Checking if given preorder traversal is valid BST

Question

I was writing code to check from preorder traversal if it is a valid BST. e.g preorder traversal 1,2,4,3,5 is valid BST while 1,3,4,2 is not

I built whole tree from that preorder sequence and then checked if that tree is a valid BST. This is O(N) solutions with respect to both space and time complexity.

Does anybody have good approach than this? I have intuition that we can do this in O(1) extra space.

Answer 1

Checking whether a permutation of 1..n is a preorder of a valid BST (that BST, if it exists, is unique; imreal's answer is not a counterexample because the second reconstruction is not sorted) is equivalent to testing whether that permutation is stack-sortable, i.e., avoids the 231-pattern. I can't seem to find any linear-time constant-space algorithm under any of these names, which would tend to suggest given the amount of attention that this problem has attracted that no one knows of a constant extra space solution.

If you're willing to assume a read/write input that can be destroyed, then there's a linear-time algorithm that uses constant extra space. It's not necessary to reconstruct the tree separately and then test it. Here's some Python to that effect.

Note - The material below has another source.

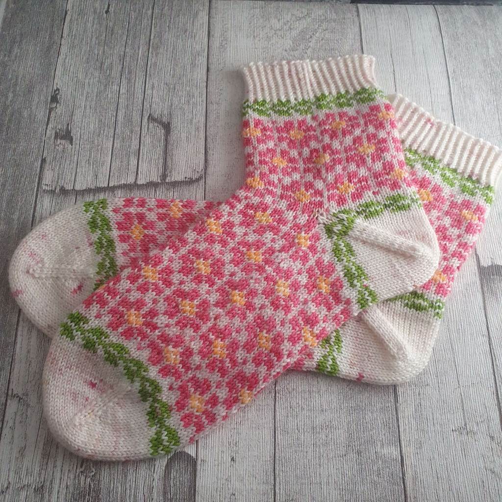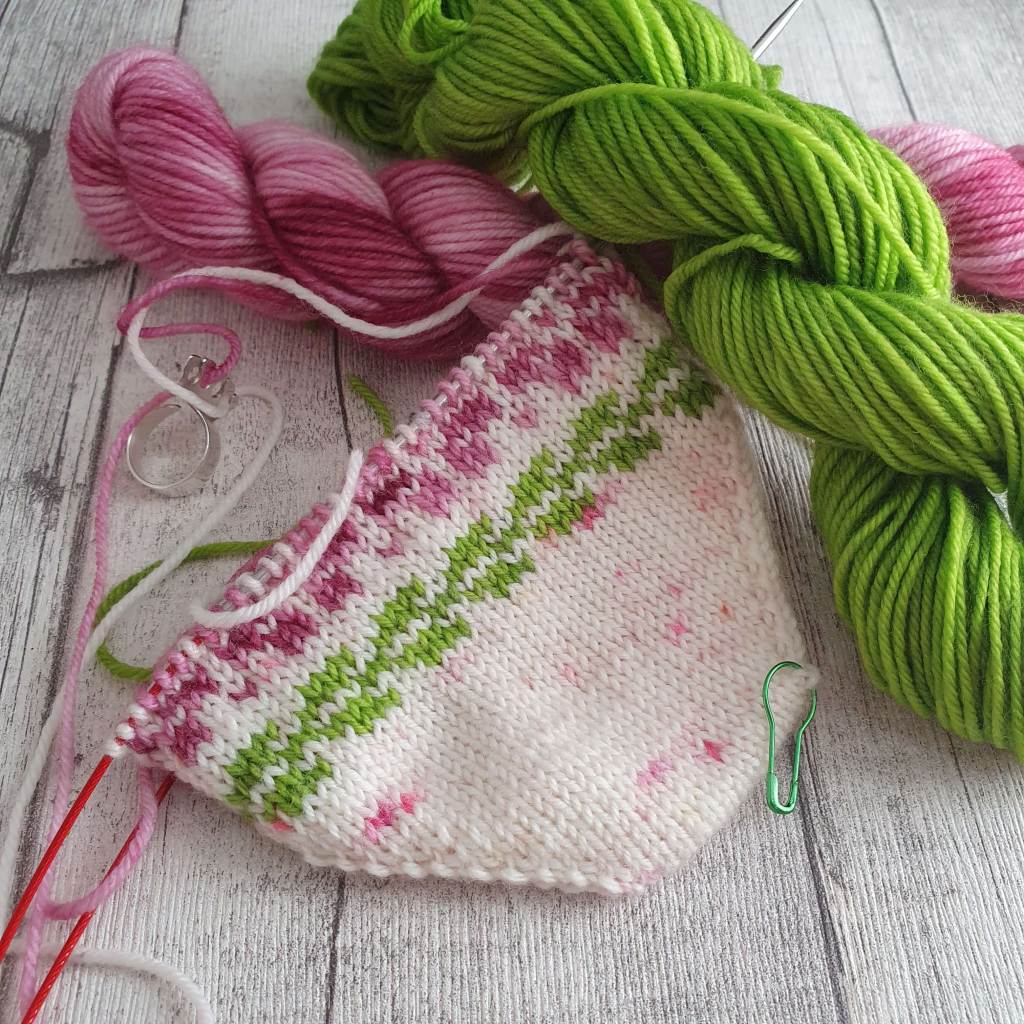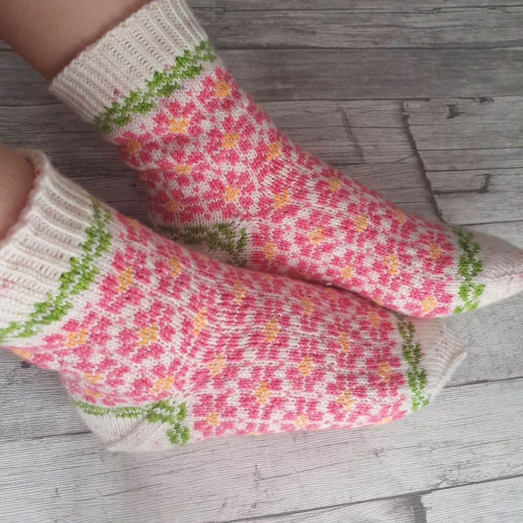 Tässä kohtaa olin tyytyväinen väreihin ja malliin. Tosin mallista poiketen kirjoin kukkien keskiosat keltaisella. Seuraava murhe oli kantapäät. Ohjeen mukaisesti sukkiin olisi tehty tiimalasikantapää, mutta en pidä sellaisen tekemisestä, enkä sen ulkonäöstä. Lisäksi halusin saman lehtikuvion kantapäähän kuin varteen ja kärkeen. Päädyin jälkikäteen tehtävään kantapäähän. Kuvio toimi kantapäässä varsin mukavasti kavennuksista huolimatta. Sukkien pohjalanka on 85 % merinovillaa ja 15 % nylonia 400 m / 100g. Aivan ihanaa lankaa kirjoneuleeseen. Käytän Lanka Piikaa tehdessäni kirjoneuletta ohuilla langoilla, sen avulla neulejäljestä tulee tasaista ja siistiä ilman hampaiden kiristelyä ja lankadominanssi säilyy koko ajan oikeana.

def isbstpreorder(iterable):
    lowerbound = None
    stack = []
    for x in iterable:
        if lowerbound is not None and x < lowerbound: return False
        while stack and stack[-1] < x: lowerbound = stack.pop()
        stack.append(x)
    return True

To eliminate the separate storage for the stack, store it in a prefix of the input list.

Answer 2

The idea is to check if the input array can be divided into two sub arrays representing the left and the right sub tree. Obviously, this has to be done recursively.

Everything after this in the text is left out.